> **PROBLEM**
Copy task. Retype the whole listing exactly, omitting any picture in it.

> **SOURCE DATA**
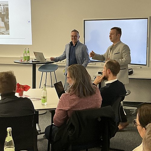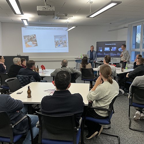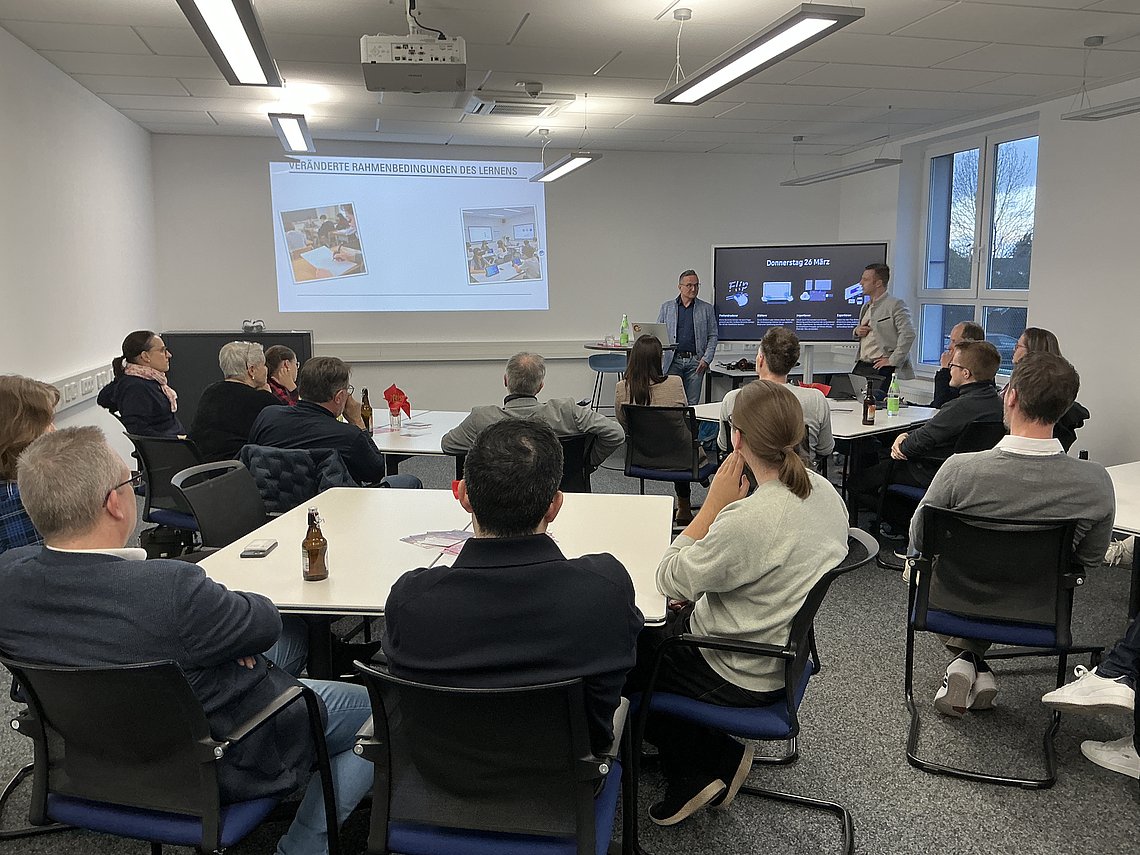 Die Referenten Florian Brückner (Stiftung Bildungspakt Bayern) und Oliver Neupert (Lorenz-Keim-Schule, Berufliches Schulzentrum Kronach) gaben eindrucksvolle Einblicke in die aktuellen Entwicklungen rund um KI‑gestützte Lernprozesse, hybride Lernlandschaften und neue didaktische Möglichkeiten. Schon zu Beginn wurde klar: Die Rahmenbedingungen des Lernens verändern sich rasant. Internationale Klassen, heterogene Sprachniveaus, digitale Plattformarbeit sowie die Verschmelzung von Lern‑ und Arbeitsorten stellen Schulen vor neue Herausforderungen. „Unterschiedliche Nationalitäten mit unterschiedlichen Sprachen und Sprachniveaus im Unterricht sind eine riesige Herausforderung für Lehrkräfte.“, so Florian Brückner. Doch KI eröffnet hier neue Wege: „Die Übersetzungsqualität mit KI ist inzwischen wirklich sehr gut“, erläuterte Neupert.
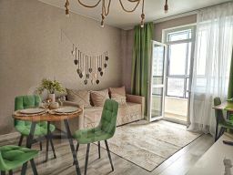 Уютная квартира рядом с ТЦ "Премьер". Интерьер квартиры продуман до мелочей: сочетание современного стиля и элементов скандинавского минимализма наполняют пространство теплом и уютом, создавая неповторимую домашнюю атмосферу. Квартира в шаговой близости от торгово-развлекательного центра "Премьер"
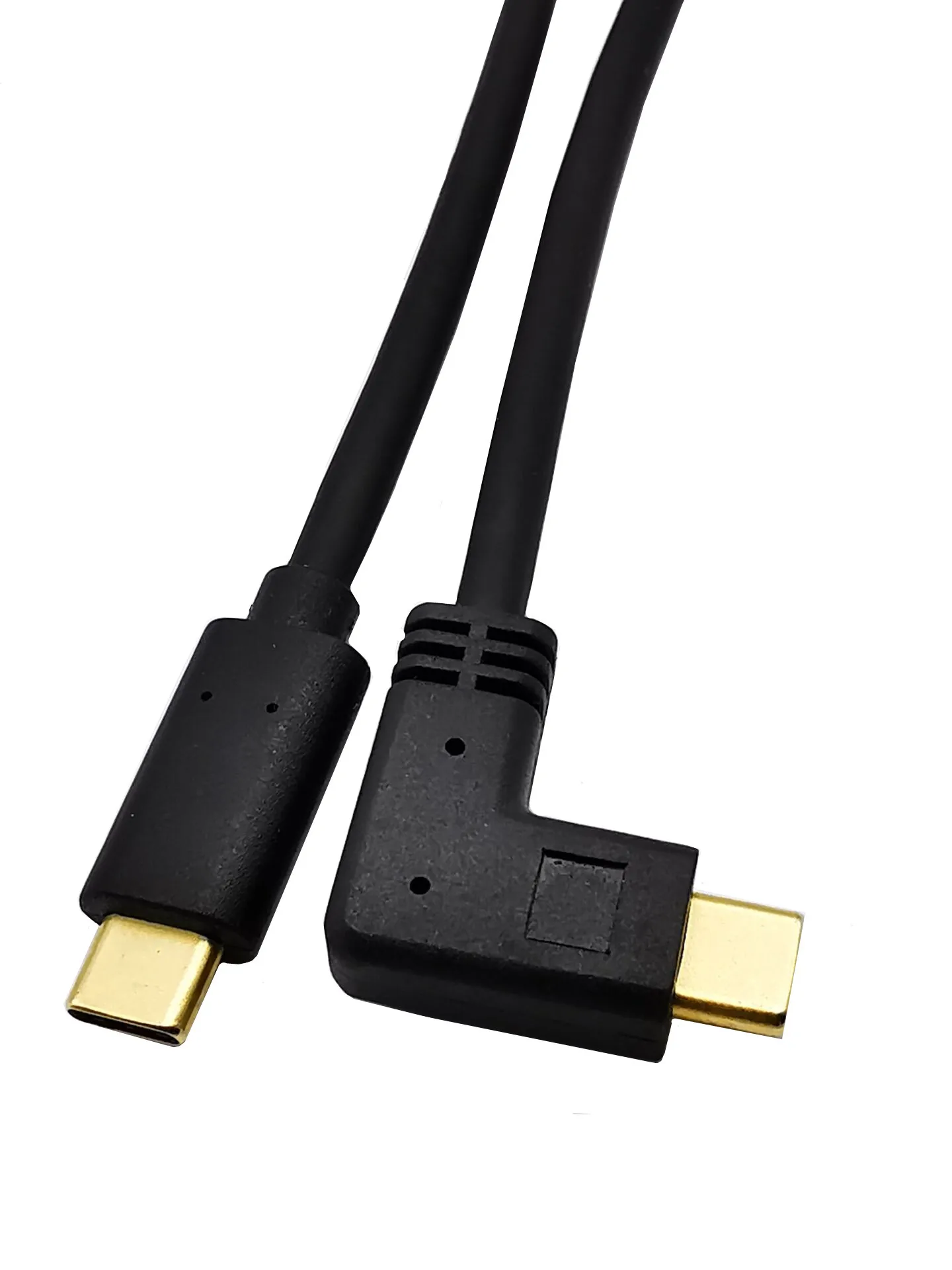 Ángulo de 90 ° chapado en oro tipo C a Cable tipo C (3A) macho a macho 1m;
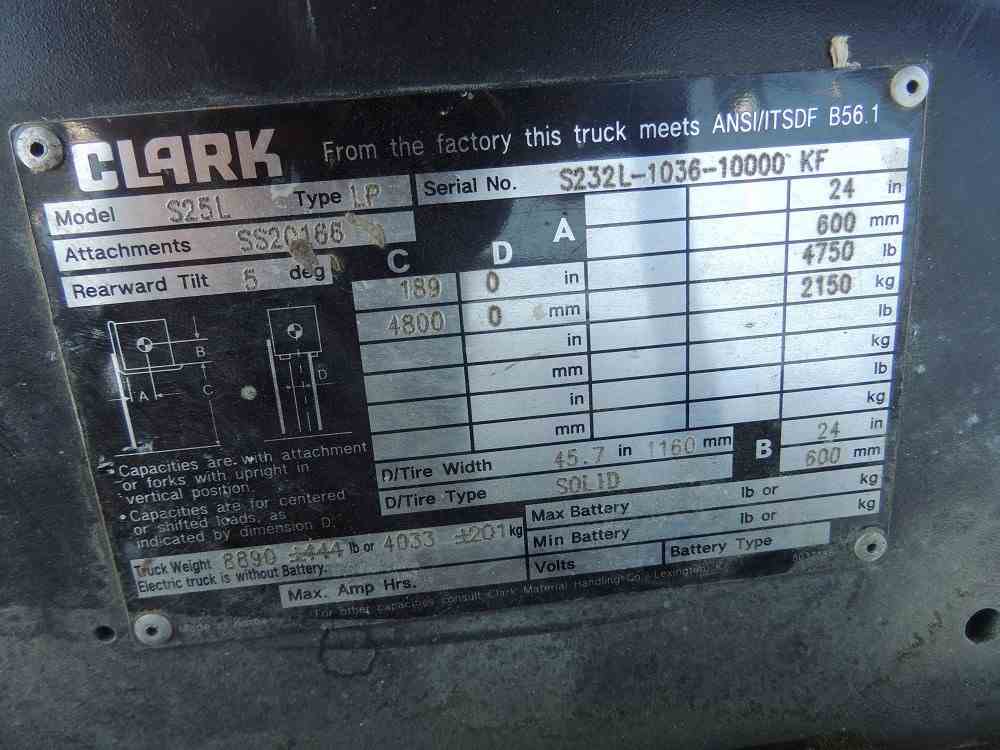 Home » Equipment » Material Handling » Fork Truck » Clark S25L Fork Truck

> **PROBLEM SOLUTION**
 Die Referenten Florian Brückner (Stiftung Bildungspakt Bayern) und Oliver Neupert (Lorenz-Keim-Schule, Berufliches Schulzentrum Kronach) gaben eindrucksvolle Einblicke in die aktuellen Entwicklungen rund um KI‑gestützte Lernprozesse, hybride Lernlandschaften und neue didaktische Möglichkeiten. Schon zu Beginn wurde klar: Die Rahmenbedingungen des Lernens verändern sich rasant. Internationale Klassen, heterogene Sprachniveaus, digitale Plattformarbeit sowie die Verschmelzung von Lern‑ und Arbeitsorten stellen Schulen vor neue Herausforderungen. „Unterschiedliche Nationalitäten mit unterschiedlichen Sprachen und Sprachniveaus im Unterricht sind eine riesige Herausforderung für Lehrkräfte.“, so Florian Brückner. Doch KI eröffnet hier neue Wege: „Die Übersetzungsqualität mit KI ist inzwischen wirklich sehr gut“, erläuterte Neupert.
 Уютная квартира рядом с ТЦ "Премьер". Интерьер квартиры продуман до мелочей: сочетание современного стиля и элементов скандинавского минимализма наполняют пространство теплом и уютом, создавая неповторимую домашнюю атмосферу. Квартира в шаговой близости от торгово-развлекательного центра "Премьер"
 Ángulo de 90 ° chapado en oro tipo C a Cable tipo C (3A) macho a macho 1m;
 Home » Equipment » Material Handling » Fork Truck » Clark S25L Fork Truck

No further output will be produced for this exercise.